Tumors caught early have a lower probability of advancing to the lymph nodes and improve patient outcomes, the BMJ study found.
Awareness on the importance of breast cancer screening is widespread, both in the United States and globally. Per the US Preventive Services Task Force, women 50 to 74 years of age are recommended to start biennial screening mammography. This could be one of the reasons for the significantly improved 5-year breast cancer survival rates in the United States: from 75% back in the 1970s to 90% in the 2000s. Now, a study from the Netherlands has provided proof of the impact of screening and early diagnosis.
Researchers in Netherlands conducted an exhaustive, nationwide population study, investigating their national cancer registry, which included nearly 174,000 patients with breast cancer. The women, diagnosed with primary breast cancer between 1999 and 2012, were placed in 1 of 2 cohorts based on whether they were diagnosed between 1999 and 2005 or between 2006 and 2012. The primary outcome measure was survival.
Women diagnosed in the later years (after 2006) had relatively smaller tumors that, most often, did not present with lymph node metastases. These patients did receive more chemotherapy, hormonal therapy, and targeted therapy compared with those diagnosed before 2006. The relative 5-year survival rate in the 2006 to 2012 cohort was 96%, and 100% if the tumors were less than 1 cm in size. Mortality in both cohorts correlated with increasing tumor size.

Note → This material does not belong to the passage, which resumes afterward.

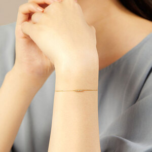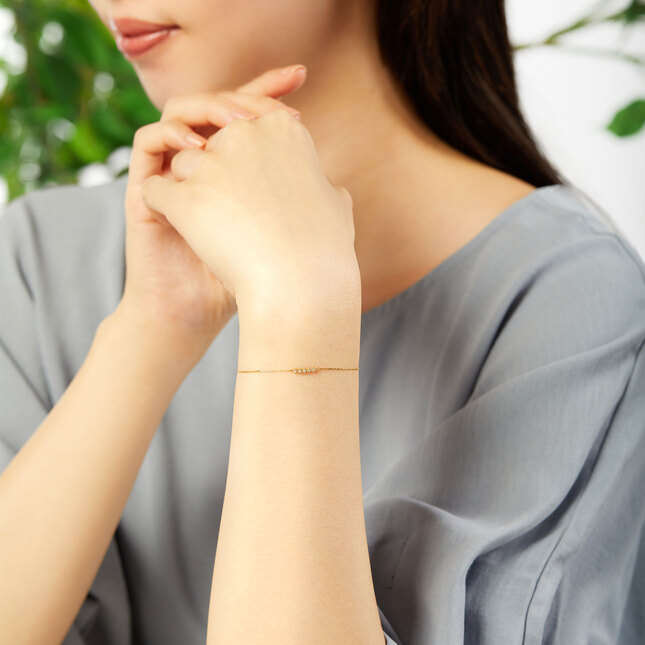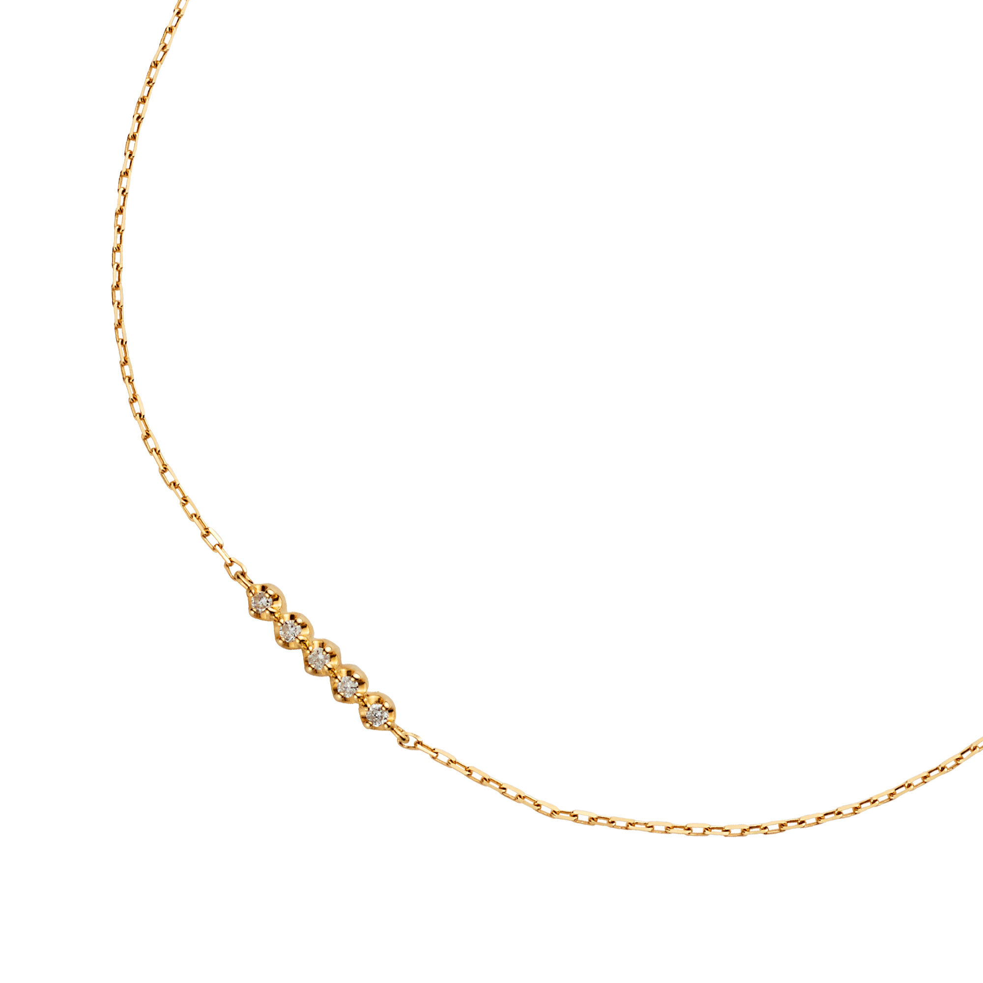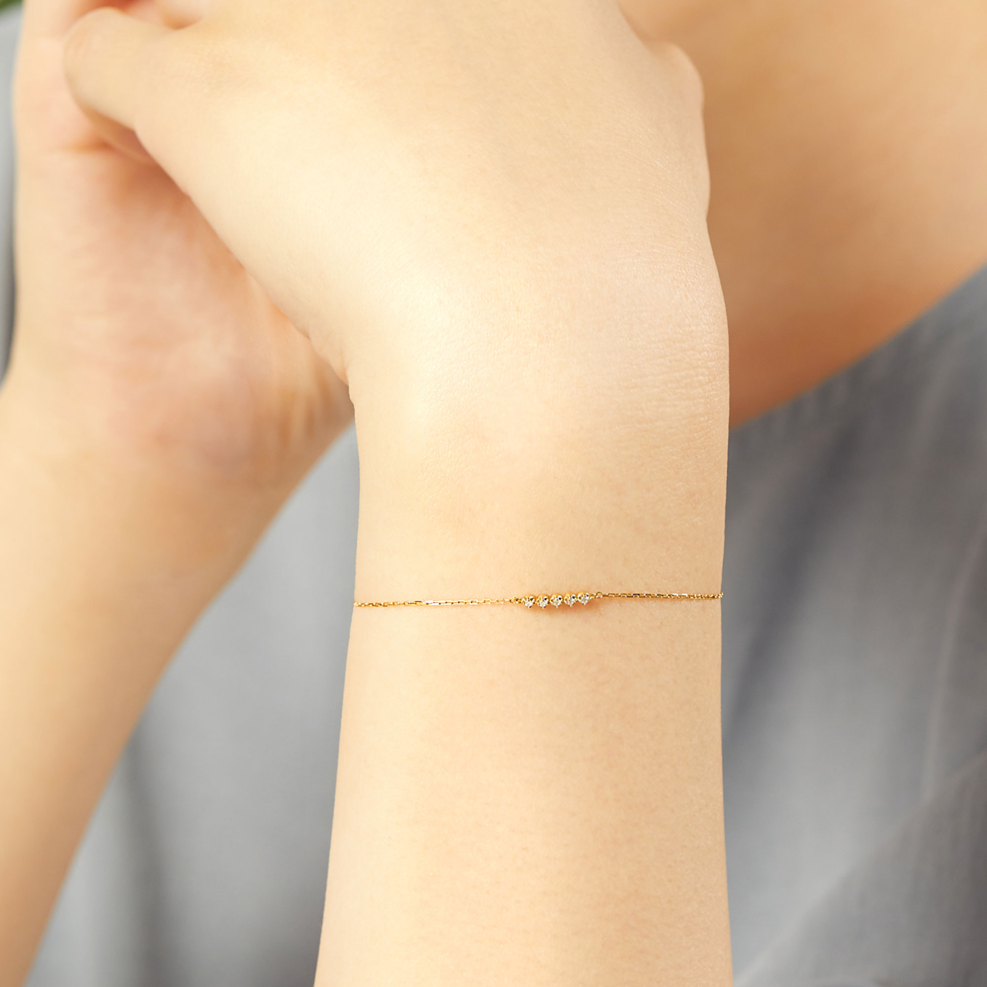 イエローゴールドのチェーンに5石のダイヤモンドがきらめく、華やかなブレスレット。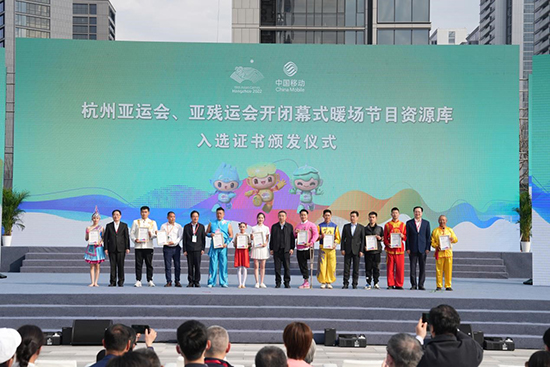活动现场,与会领导为进入杭州亚运会、亚残运会开闭幕式暖场节目资源库的优秀节目颁发证书,全省11地市代表上台接受证书。

Additionally, the authors found that mortality in patients with invasive disease did not increase till the tumors reached 1 cm in size or till the cancer progressed to the lymph nodes.
Between 1999 and 2012, the authors observed a 17% increase in the diagnosis of breast cancer, which they attribute to the ageing population—older age being a major risk factor for breast cancer.
The authors believe that their study can help both policymakers and physicians in clinical decision making, while raising patient awareness on the impact of stage and treatment choices on disease prognosis.